# CO Huts with the best turns nearby?



## ENDOMADNESS (Jun 21, 2005)

Eiseman Hut is the best skiing that i have been at (12-14 huts)...never been to anything off of Red Mountain Pass (ouray) which i heard is really easy access.


----------



## Steve Kahn (Apr 17, 2004)

*huts!*

i'm no hut master, but i've been to the polar star a few times, and the stuff above the hut makes for some awsome skiing. I'd definately jump at any invites there.

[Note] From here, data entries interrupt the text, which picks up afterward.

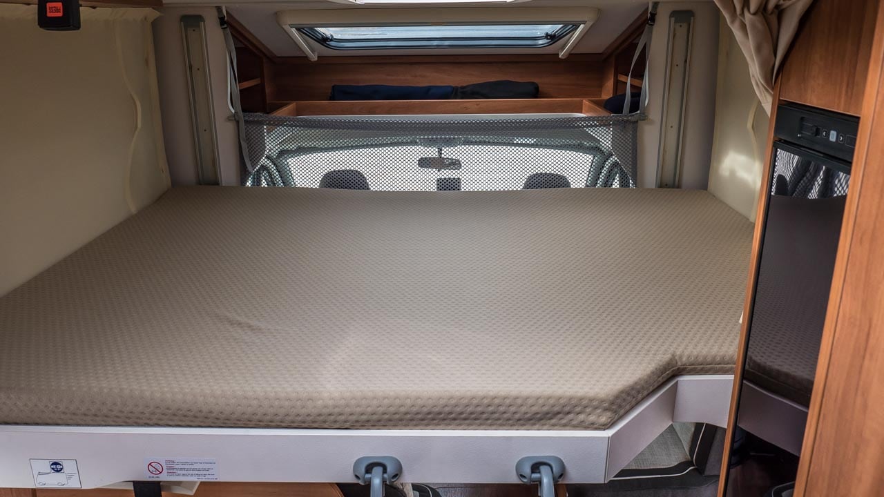 Einen hohen Marktanteil besitzen in Deutschland nach wie vor die Alkoven-Wohnmobile. Ihre Besonderheit liegt darin, dass sie Platz für gleich zwei Doppelbetten bieten. Das eine befindet sich typischerweise im Alkoven, der charakteristischen “Haube” über dem Fahrerhaus. Hier können zwei weitere Personen nächtigen, allerdings mit einer etwas geringeren Raumhöhe – was für Klaustrophobiker nicht so angenehm ist.
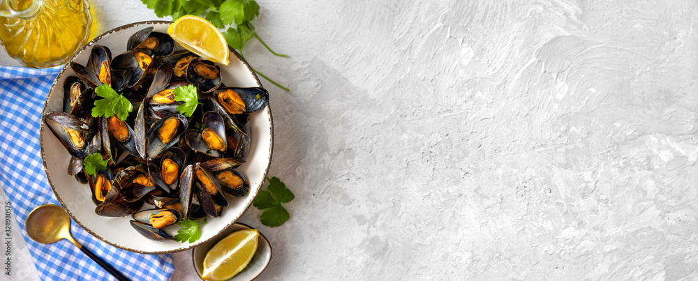 Obraz na plátně Delicious and healthy steamed mussels on white background
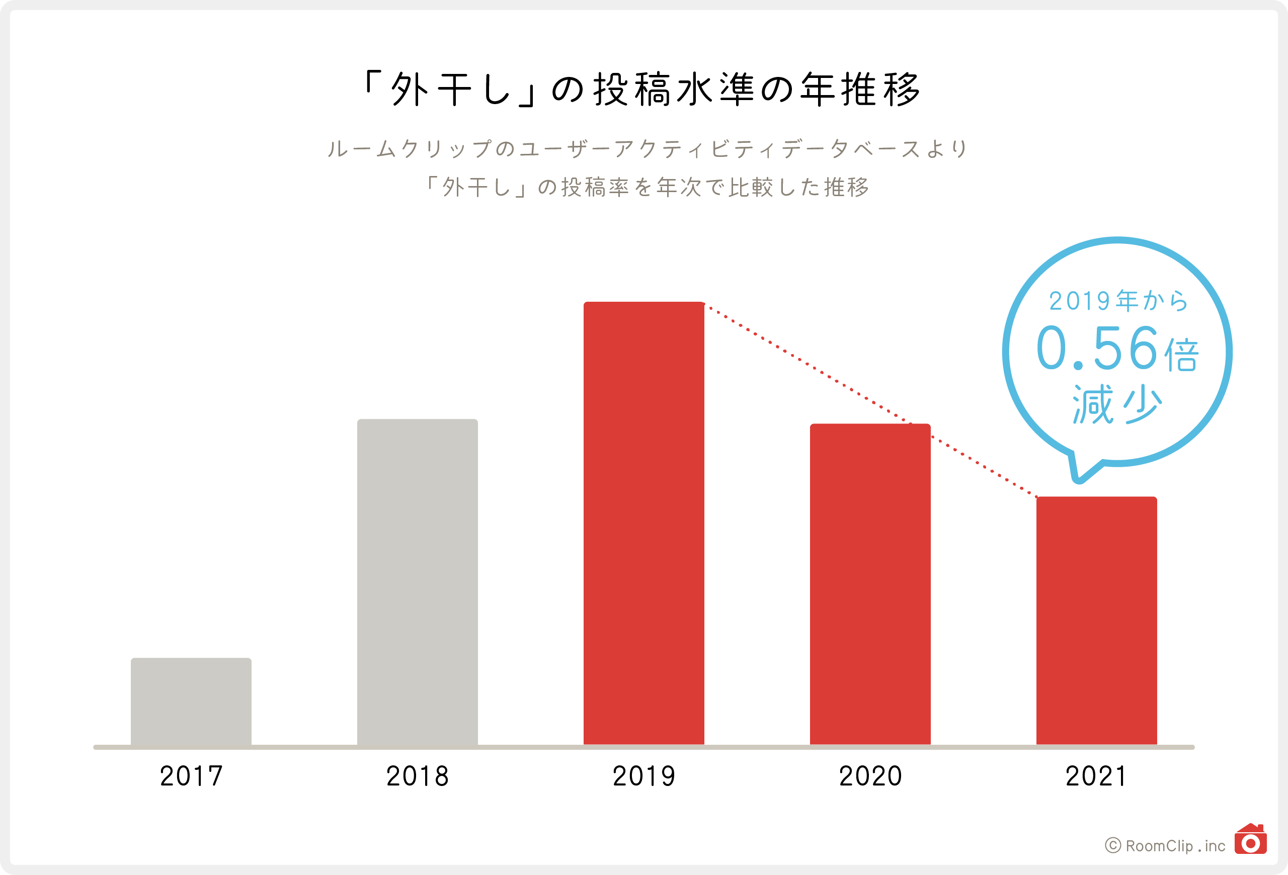 「外干し」の投稿水準は、コロナ前の2019年と比べて2021年は0.56倍と減少。「外干しやめた」ユーザーがいる一方、室内で干しきれない量が出る場合などに一時的な手段として外で干される「ピンポイント外干し」の投稿も。

i have heard that there are lots of huts with very limited skiing, too. 

Have fun!

S


----------



## Ryde164 (Jun 7, 2007)

I could tell you, but then Id have to kill you


----------



## TripleG (Dec 10, 2007)

*at least wait*

tell me, wait until i get some crazy pow. then you can kill me...or more accurately my stunt double


----------



## Ryde164 (Jun 7, 2007)

Fowler Hilliard. Buuuuut good luck getting a spot, if you do let me know! There is some great, not too dangerous bowls, a short tour away.


----------



## El Flaco (Nov 5, 2003)

Eiseman = Sickpants. Right off the deck, plus some great pitches within 10-15 minutes.


----------



## peterB (Nov 21, 2003)

Peter Estin is excellent and Taggert/Green Wilson.

Peter


----------